Zizek, Slavoj
Slavoj Zizek
Slovenian philosopher Slavoj Zizek (born 1949) is an academic star, the "Elvis of Cultural Studies," according to one often-quoted journalistic formulation. His lectures, dealing in ideas that are often dense to the point of impenetrability, draw crowds numbering in the hundreds, with their mix of philosophical theory and topical political ideas, both often illustrated by examples drawn from American popular culture.

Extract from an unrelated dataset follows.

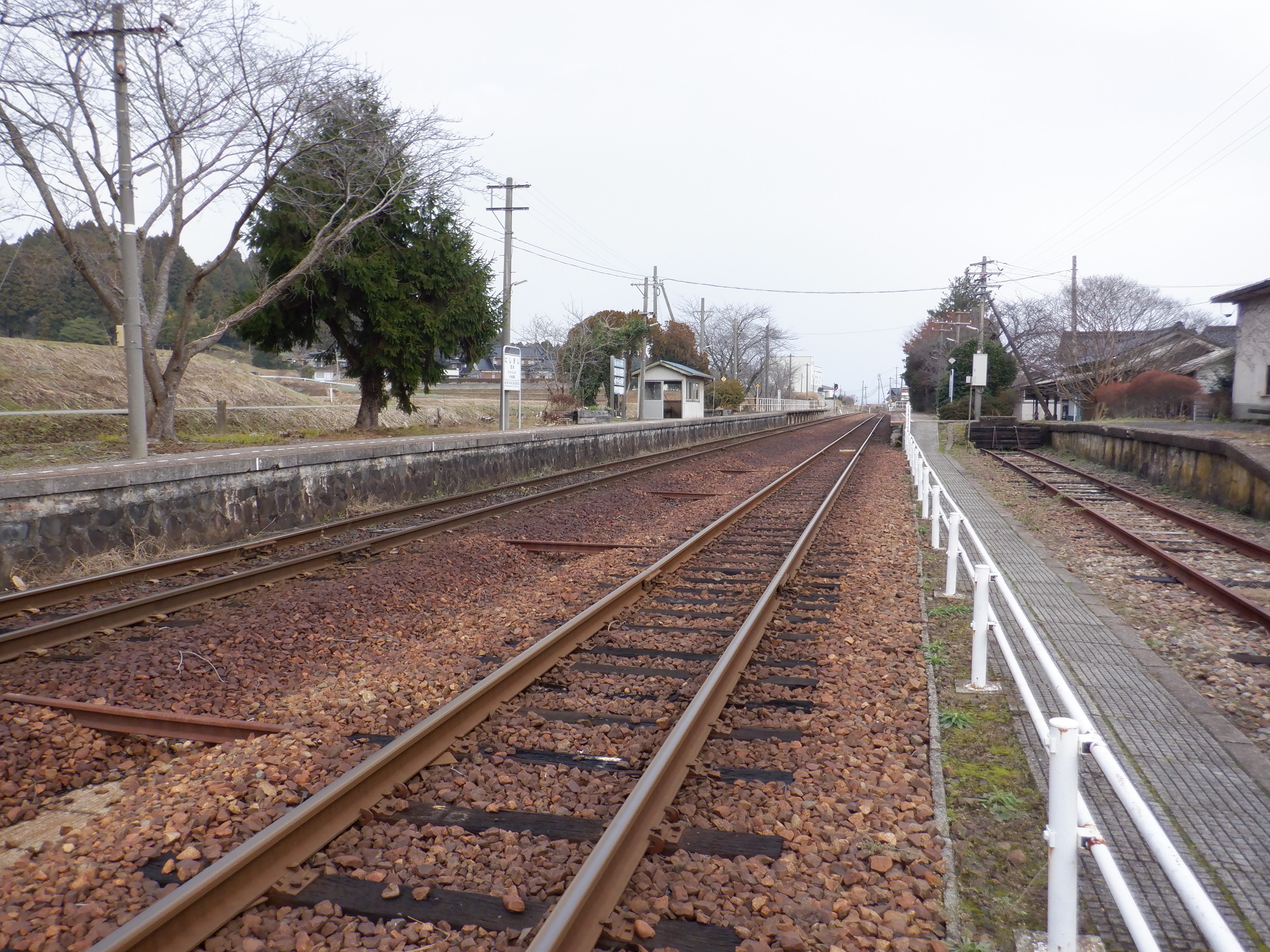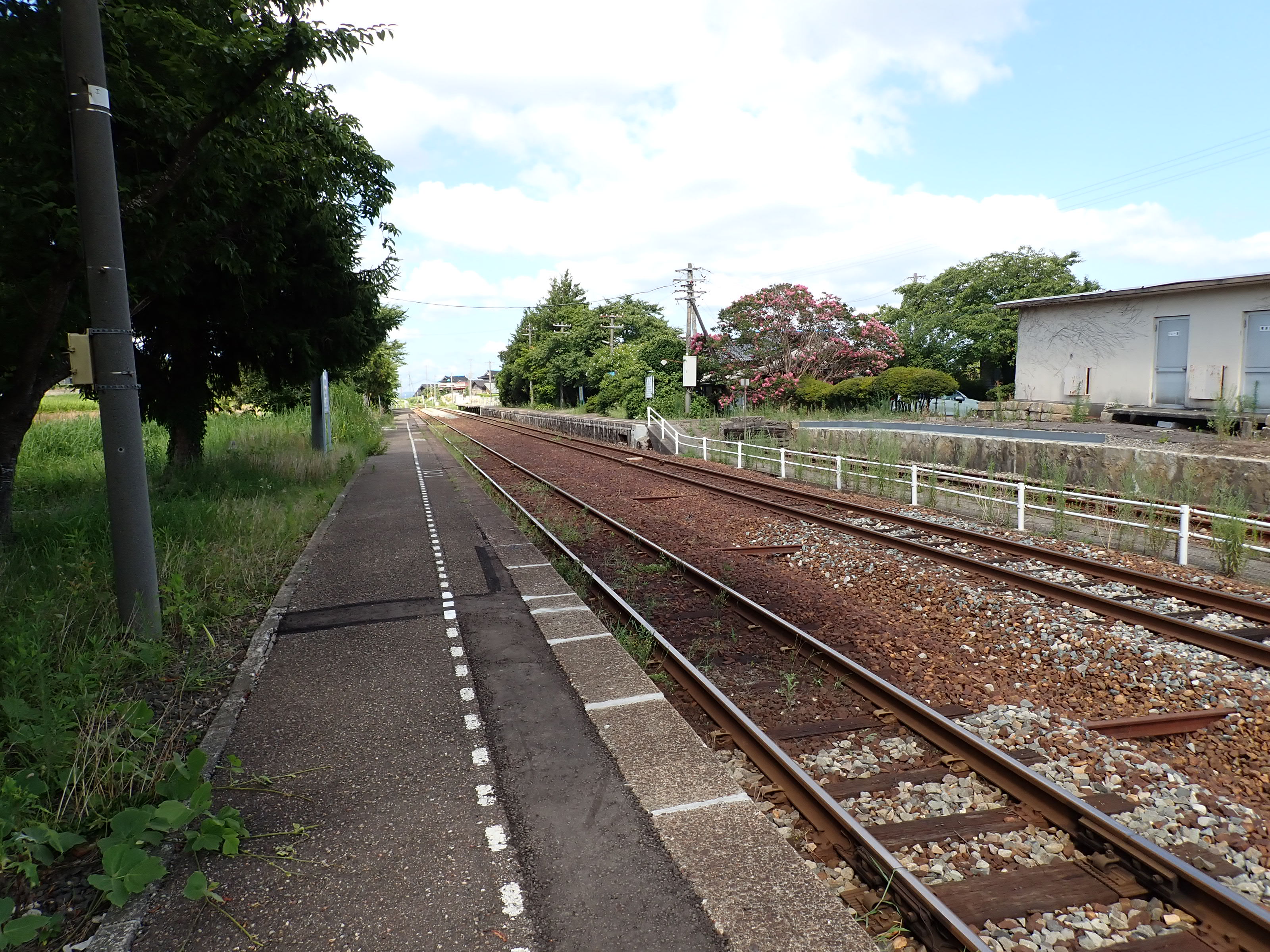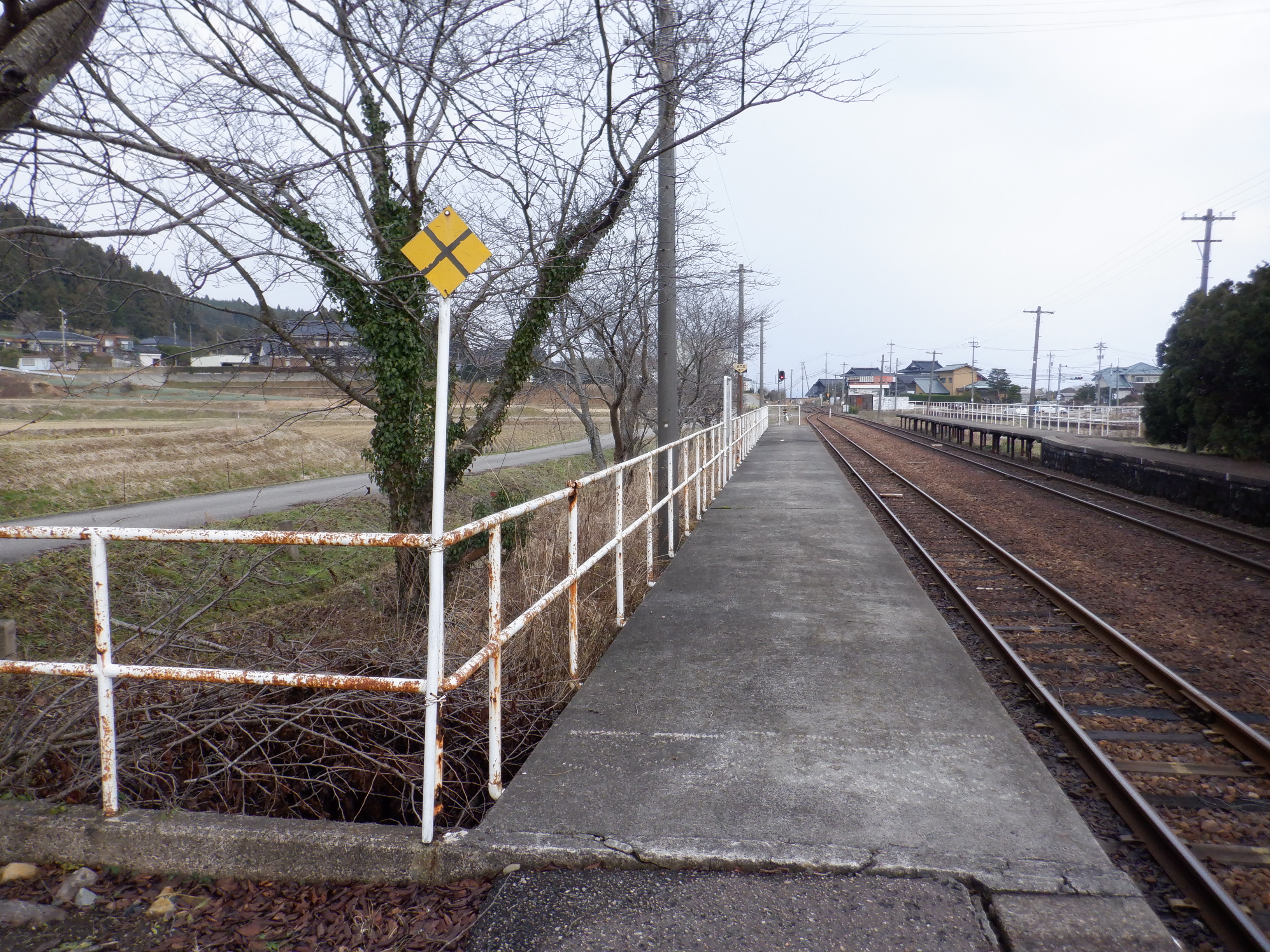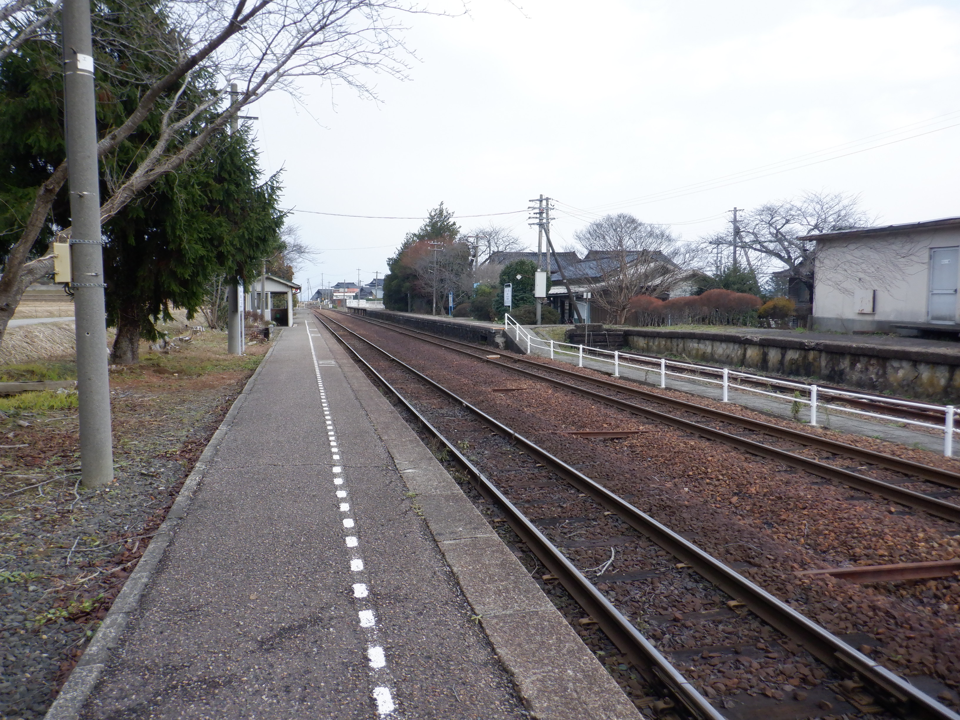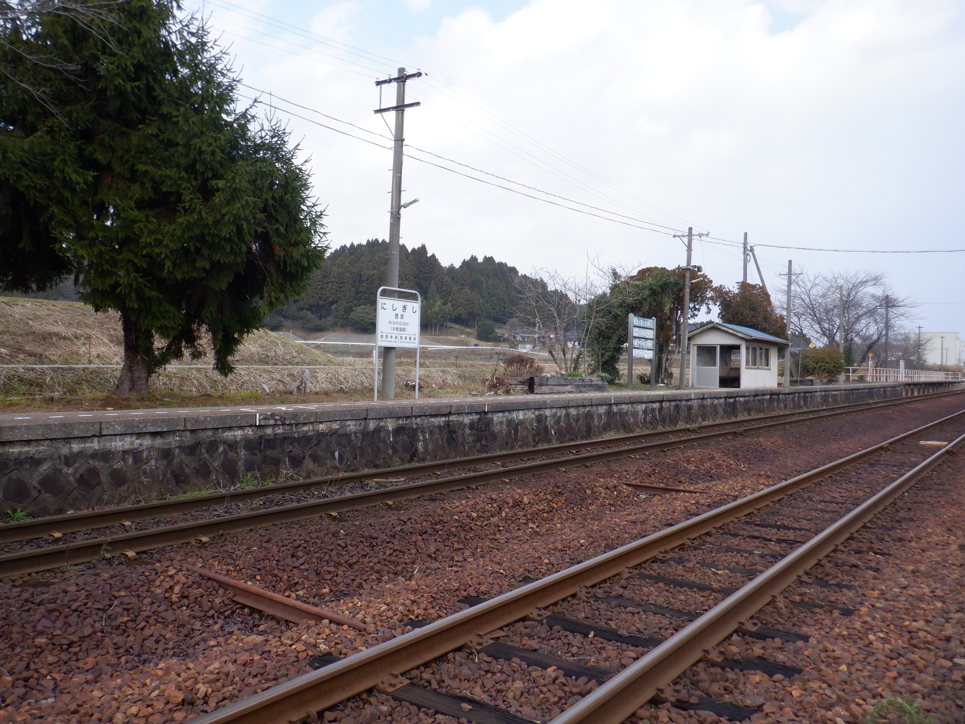 駅舎と反対側のホームの能登中島駅側。

Zizek talks as fast as he thinks, and writes nearly as fast as he can talk (he has published as many as three books in the course of a single year), often making things even more difficult for the reader with a style of argument in which he often seems to contradict himself. James Harkin, writing in the London Guardian, called him "a one-man heavy industry of cultural criticism." Yet Zizek's fame rests on more than sheer mental agility. Consistent with his origins in Communist-era Yugoslavia, Zizek has espoused Marxist-Leninist ideas, which have remained current in academic circles even as they have lost ground in the wider political sphere. Zizek has reinvigorated Marxist-Leninist thought with an approach that brings together philosophy, psychology, film studies, humor, and engaging prose. His writing encompasses both political philosopher Karl Marx and film comedian Groucho Marx. Documentary filmmaker Astra Taylor, who made a film about Zizek, told Reyhan Harmaci of the San Francisco Chronicle that Zizek seems "to make intellectualism exciting and fun and vital in a climate of anti-intellectualism." In Zizek's own biography on the website of the European Graduate School, where he is a faculty member, he indicated that he "uses popular culture to explain the theory of [French philosopher] Jacques Lacan and the theory of Jacques Lacan to explain politics and popular culture."
Grew Up Under Communism
A native and lifelong resident of Ljubljana, Slovenia, Slavoj Zizek (SLAH-voy ZHEE-zhek) was born on March 21, 1949, when the small Alpine capital was part of Communist Yugoslavia. An only child, he grew up in the household of professional parents. Like many other young people in the former satellite states of the Soviet Union, he consumed Western popular culture avidly in preference to officially approved domestic television, books, and films. Much of his encyclopedic knowledge of Hollywood cinema was acquired during his teenage years, when he spent long hours at an auditorium that specialized in showing foreign films. The "Prague spring" reform movement of 1968 in Czechoslovakia during which Czechs agitated for greater freedom but were repressed by the Soviet Union, had an important effect on Zizek, even though he was not one of the demonstrators agitating in favor of greater freedom.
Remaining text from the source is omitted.